ChiDope 2004 -- You know you want to come.

By the way, I’d like to apologize in advance for my…

*drunken groping

*saying, “It is so nice to meet you” even though we’ve already met. Twice.

*speaking, yet making no sense

*laughing too loudly

*saying, “aren’t you the one who started blah blah thread” although you didn’t. And I just asked you that 10 minutes ago.

*forcing you to do shots with me

*any other miscellaneous stupidity

I’ll second that, Monster!

Anything happening Thursday night? I’m bored!

I’d love that, Opal. How can I get in touch with you?

I was always under the impression that drunken groping was encouraged at these things.

Never mind - I’ve got the cell phone list. I’ll give you a call.

Dude, I just realized that we’ve got the best freakin’ nametags at work! Not only that, but we’ve got VARIETY!

I’ll bring them to Black Rock, but y’all’ll have to fend for yourselves for the rest of the events.

Horseflesh and sperfur are out the door! See ya’ll tomorrow!

Yes but porc my dear, I’m a lady. I always apologize before groping. :wink:

Whoo hoo! Women who grope men! I hope you do it lady-like manner.

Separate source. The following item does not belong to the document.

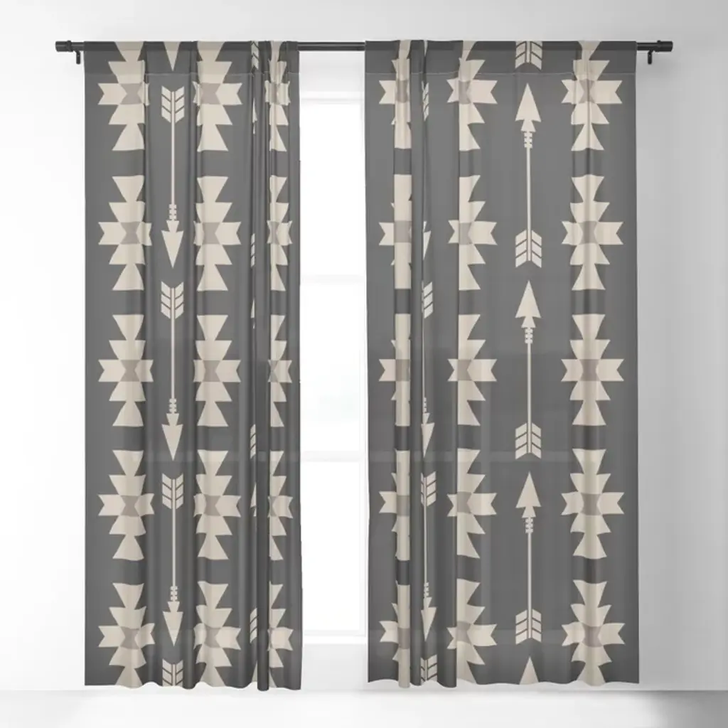 Southwestern Arrow Pattern 233 Black And Beige Curtain

Hey, can I get on the list for the groping? Thanks.

The website said there is a pool, so I’m bringing my bathing suit. Maybe I will go swimming tomorrow afternoon while I’m killing time. Unless I sleep. Which I may do.

Anyone interested in lunch (and/or swimming!) please see the cell phone list for my number.

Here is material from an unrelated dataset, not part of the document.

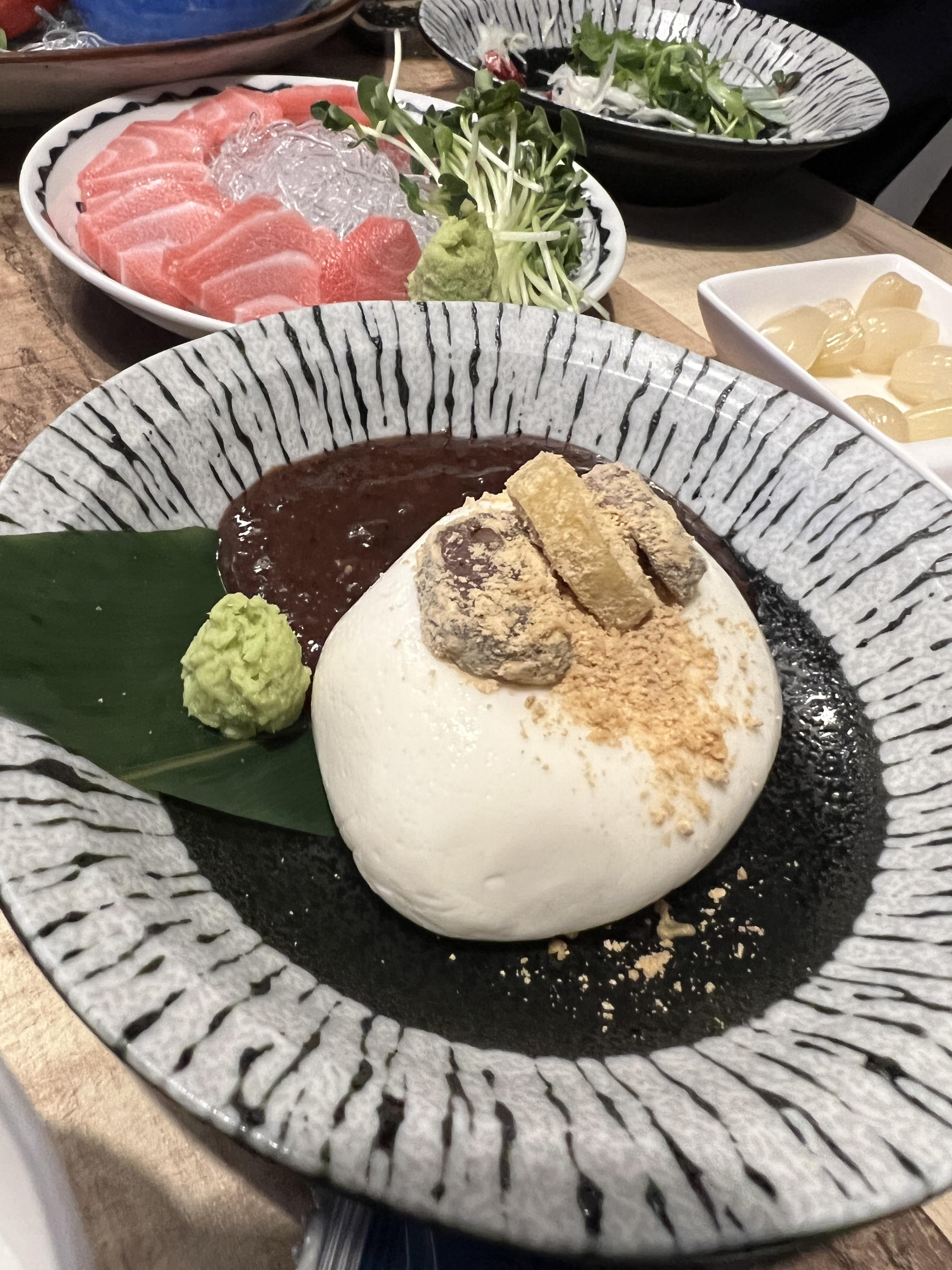 사이드메뉴로 주문한 모찌리도후! 떡처럼 쫀쫀하고 말랑말랑한 두부라는 뜻인데 다른곳에서 먹어본 모찌리도후보다 쫀쫀한 맛이 더 살아있다. 고소하고 처음에는 와사비를 넣어먹어? 이런 생각이었는데 와사비 넣어먹는게 꿀맛!

I called the hotel and they said they are sold out for tomorrow night… they said it is unlikely I’ll be able to check in before noon. My plane arrives at 9:20am. This is not going to be fun :stuck_out_tongue:

Oooppss! Too late!

Opal, you can try to figure out which people are the spies at the airport. You know they’re there.

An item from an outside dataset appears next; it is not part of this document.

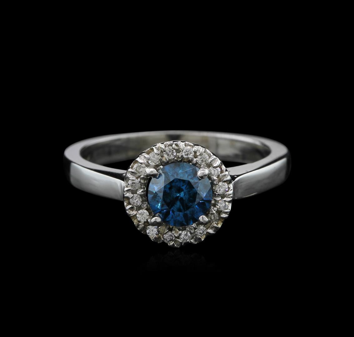 One ring featuring: 14KT white gold weighing 3.55 grams containing one blue diamond center stone with a total weight of 0.73ct and 16 diamond side stones with a total weight of 0.10ct.

We didn’t sell out last night so at least a few rooms will be ready early.

I suggest drop by and try. At the very least we can store your luggage while you wander.

Hey ChiDopers!

Have you ever said this to yourself? “Gee, I’m going to Gundy’s Dead Man’s Party, but I don’t have a thing to wear becuase I set fire to all of my stuff from the '80s as part of my campaign to erase from my mind the worst decade in the history of fashion and hair?”

Well, worry no more - we have your quick fix solution. On Damen Avenue, just a hair’s breadth north of the North/ Milwaukee/ Damen intersection, just 'round the corner from the park where jeevwoman and I take the jeevpups, is a fairly new establishment, the T-Shirt Deli, the second coming of all of those screen-print t-shirt places that used to dot shopping malls all over America, but were ultimately squashed by the creeping plague of the Gap around 1988. They have lots of vintage decals for the '80s nostalgist, including decals based on:

  • Mr. T
  • Atari
  • Space Invaders
  • Donkey Kong
  • Pac Man
  • Ricky Schroeder circa Silver Spoons
  • The Dukes of Hazzard

. . . and many more. So if you are in a bind and need something '80s to wear - check it out.

Hey Kids

I have a ton of books that I don’t want to move to Colorado…if you haven’t left for Chicago and you would like some books, email me shay519@hotmail.com and I will send you the list. If you want any of them I will bring them to the ChiDope gathering of your choice.

Opal, and anyone else who feels they might be at loose ends today or at any other point during the weekend, there are zillions of things to do in Chicago, many of them free or low-cost. I highly recommend a trip to the Chicago Cultural Center – there is a Visitor’s Center on the first floor. Plus there are free concerts, including one today at 12:15. Links:

http://www.cityofchicago.org/CulturalAffairs/PublicPrograms/PublicPrograms.html

http://egov.cityofchicago.org/city/webportal/portalEntityHomeAction.do?entityName=Cultural+Center&entityNameEnumValue=128

In prepartation for tonight, determine your 80s toy identity. Points extra to those who come dressed as their answer. Alas, I have no Speak & Spell outfit to wear.

On the one hand, I am a Spirograph AND have a Spirograph I was about to throw out. On the other hand, I’m not going to Gundy’s party so it’s pointless.

Here I come! If anyone wants to show up at Gundyfest fashionably late, I’ll be leaving the hotel probably 8-ish, and can fit 3 passengers. Word. See you suckers shortly.